Can you transcribe the data exactly? Leave the pictures out.

**Exercise data:**
☆ ☆ ☆ ☆ ☆

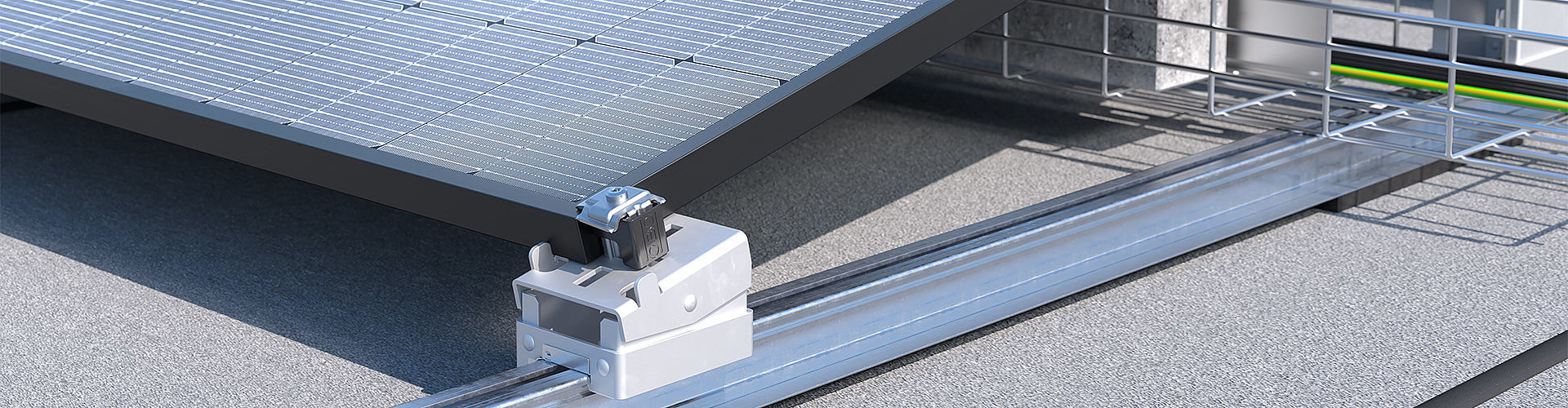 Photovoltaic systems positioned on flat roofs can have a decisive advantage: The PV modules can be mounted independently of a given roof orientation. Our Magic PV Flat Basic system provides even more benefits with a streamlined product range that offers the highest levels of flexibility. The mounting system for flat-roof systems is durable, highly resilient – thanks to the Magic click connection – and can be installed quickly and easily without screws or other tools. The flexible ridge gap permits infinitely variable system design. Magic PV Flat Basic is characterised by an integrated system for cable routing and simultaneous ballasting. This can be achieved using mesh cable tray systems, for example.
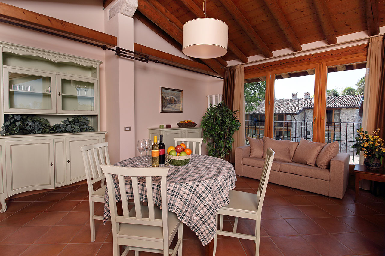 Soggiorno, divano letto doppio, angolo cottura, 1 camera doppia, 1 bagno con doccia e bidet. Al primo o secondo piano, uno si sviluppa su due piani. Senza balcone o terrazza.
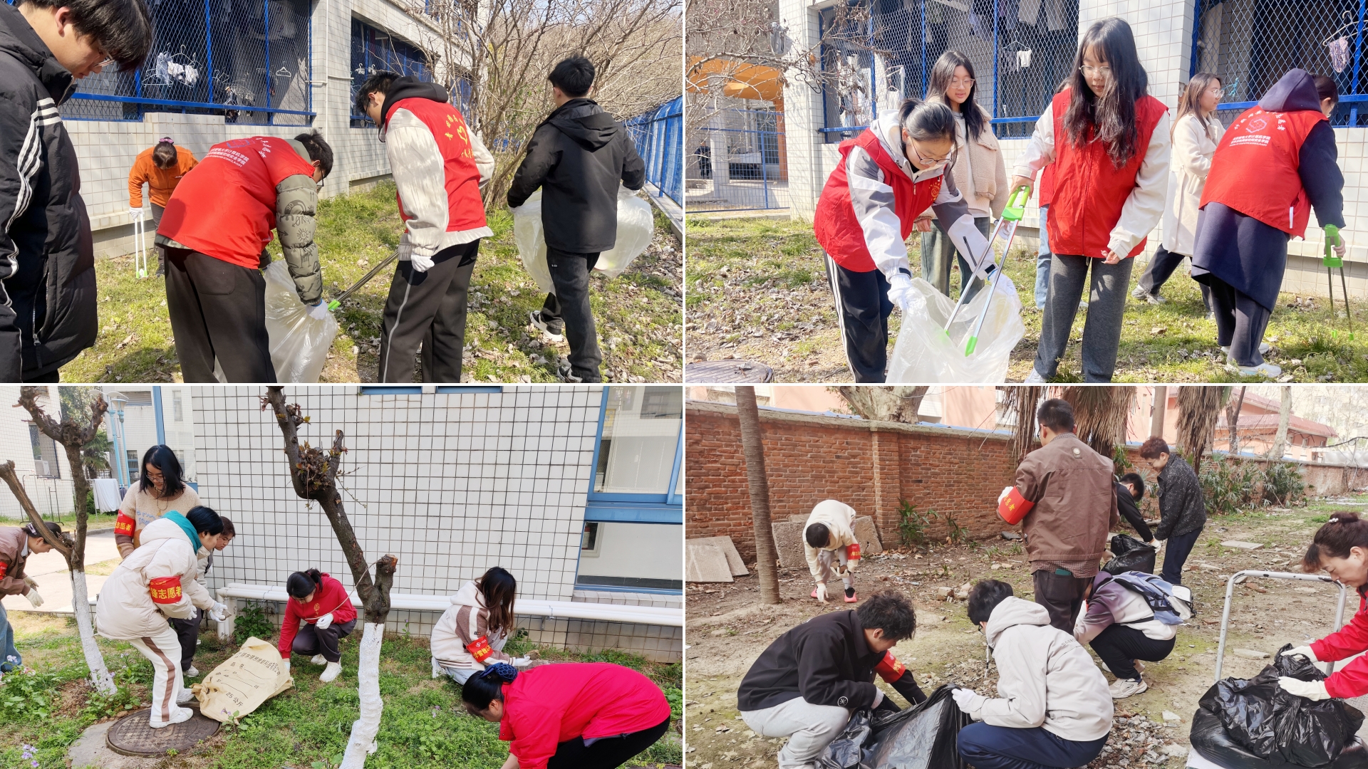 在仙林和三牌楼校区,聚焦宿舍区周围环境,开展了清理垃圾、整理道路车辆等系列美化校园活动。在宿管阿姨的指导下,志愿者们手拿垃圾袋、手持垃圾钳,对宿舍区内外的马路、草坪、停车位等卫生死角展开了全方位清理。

☆ ☆ ☆ ☆ ☆

**Your response:**
 Photovoltaic systems positioned on flat roofs can have a decisive advantage: The PV modules can be mounted independently of a given roof orientation. Our Magic PV Flat Basic system provides even more benefits with a streamlined product range that offers the highest levels of flexibility. The mounting system for flat-roof systems is durable, highly resilient – thanks to the Magic click connection – and can be installed quickly and easily without screws or other tools. The flexible ridge gap permits infinitely variable system design. Magic PV Flat Basic is characterised by an integrated system for cable routing and simultaneous ballasting. This can be achieved using mesh cable tray systems, for example.
 Soggiorno, divano letto doppio, angolo cottura, 1 camera doppia, 1 bagno con doccia e bidet. Al primo o secondo piano, uno si sviluppa su due piani. Senza balcone o terrazza.
 在仙林和三牌楼校区,聚焦宿舍区周围环境,开展了清理垃圾、整理道路车辆等系列美化校园活动。在宿管阿姨的指导下,志愿者们手拿垃圾袋、手持垃圾钳,对宿舍区内外的马路、草坪、停车位等卫生死角展开了全方位清理。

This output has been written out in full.